From the material below, retype exactly the lines that begin at the line with "Location Location Location!!" and end after the line with "- Go to the"; pictures stay out of the copy.
#### Material provided ####
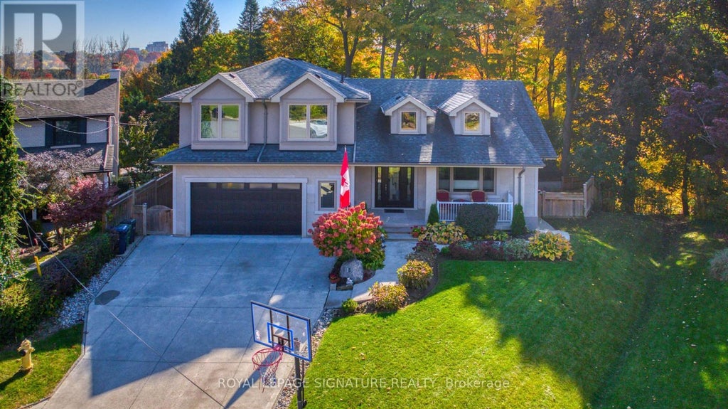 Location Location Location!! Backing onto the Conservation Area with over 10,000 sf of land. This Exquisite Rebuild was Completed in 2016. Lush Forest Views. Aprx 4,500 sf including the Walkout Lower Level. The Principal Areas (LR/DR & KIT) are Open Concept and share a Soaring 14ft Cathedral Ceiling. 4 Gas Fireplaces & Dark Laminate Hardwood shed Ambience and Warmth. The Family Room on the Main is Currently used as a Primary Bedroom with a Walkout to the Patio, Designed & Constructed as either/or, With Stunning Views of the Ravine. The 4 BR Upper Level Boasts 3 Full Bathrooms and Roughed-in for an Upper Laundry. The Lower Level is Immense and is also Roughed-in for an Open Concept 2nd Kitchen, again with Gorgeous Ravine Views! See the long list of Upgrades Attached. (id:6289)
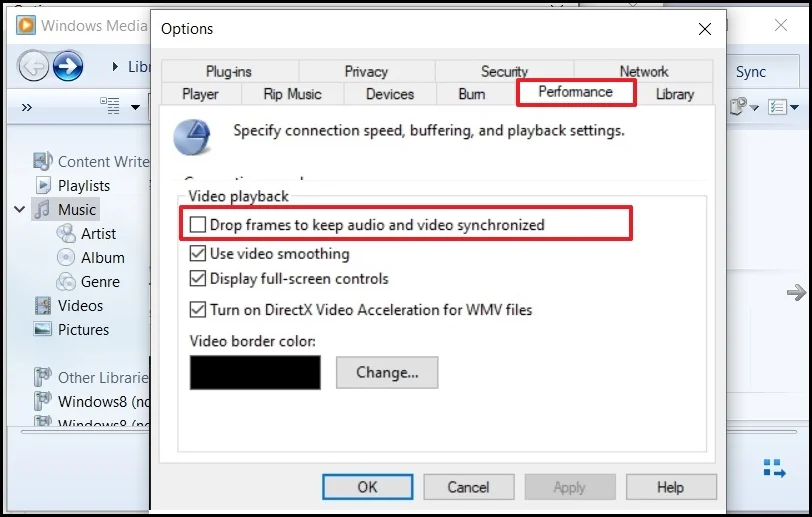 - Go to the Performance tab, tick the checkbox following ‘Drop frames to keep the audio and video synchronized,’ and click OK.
####
#### Material provided ####
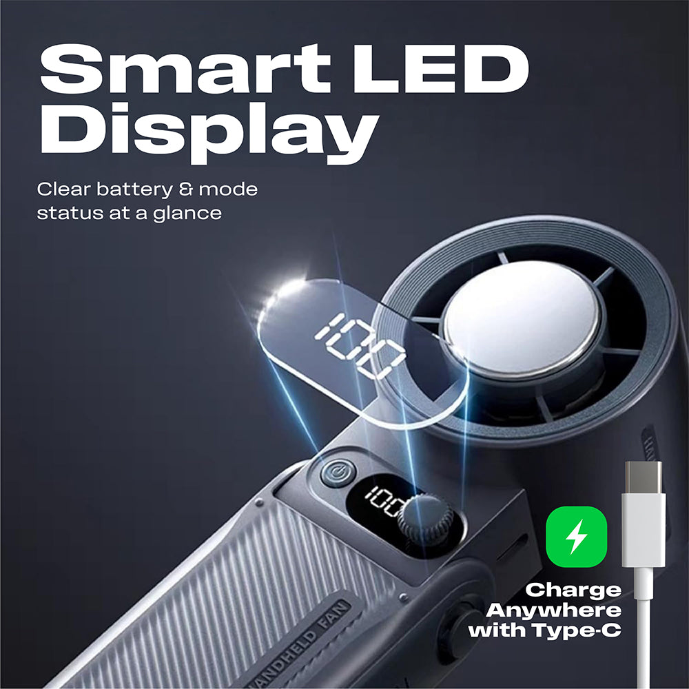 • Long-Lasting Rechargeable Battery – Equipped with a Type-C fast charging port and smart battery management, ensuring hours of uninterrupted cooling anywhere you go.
####
Solution =>
 Location Location Location!! Backing onto the Conservation Area with over 10,000 sf of land. This Exquisite Rebuild was Completed in 2016. Lush Forest Views. Aprx 4,500 sf including the Walkout Lower Level. The Principal Areas (LR/DR & KIT) are Open Concept and share a Soaring 14ft Cathedral Ceiling. 4 Gas Fireplaces & Dark Laminate Hardwood shed Ambience and Warmth. The Family Room on the Main is Currently used as a Primary Bedroom with a Walkout to the Patio, Designed & Constructed as either/or, With Stunning Views of the Ravine. The 4 BR Upper Level Boasts 3 Full Bathrooms and Roughed-in for an Upper Laundry. The Lower Level is Immense and is also Roughed-in for an Open Concept 2nd Kitchen, again with Gorgeous Ravine Views! See the long list of Upgrades Attached. (id:6289)
 - Go to the Performance tab, tick the checkbox following ‘Drop frames to keep the audio and video synchronized,’ and click OK.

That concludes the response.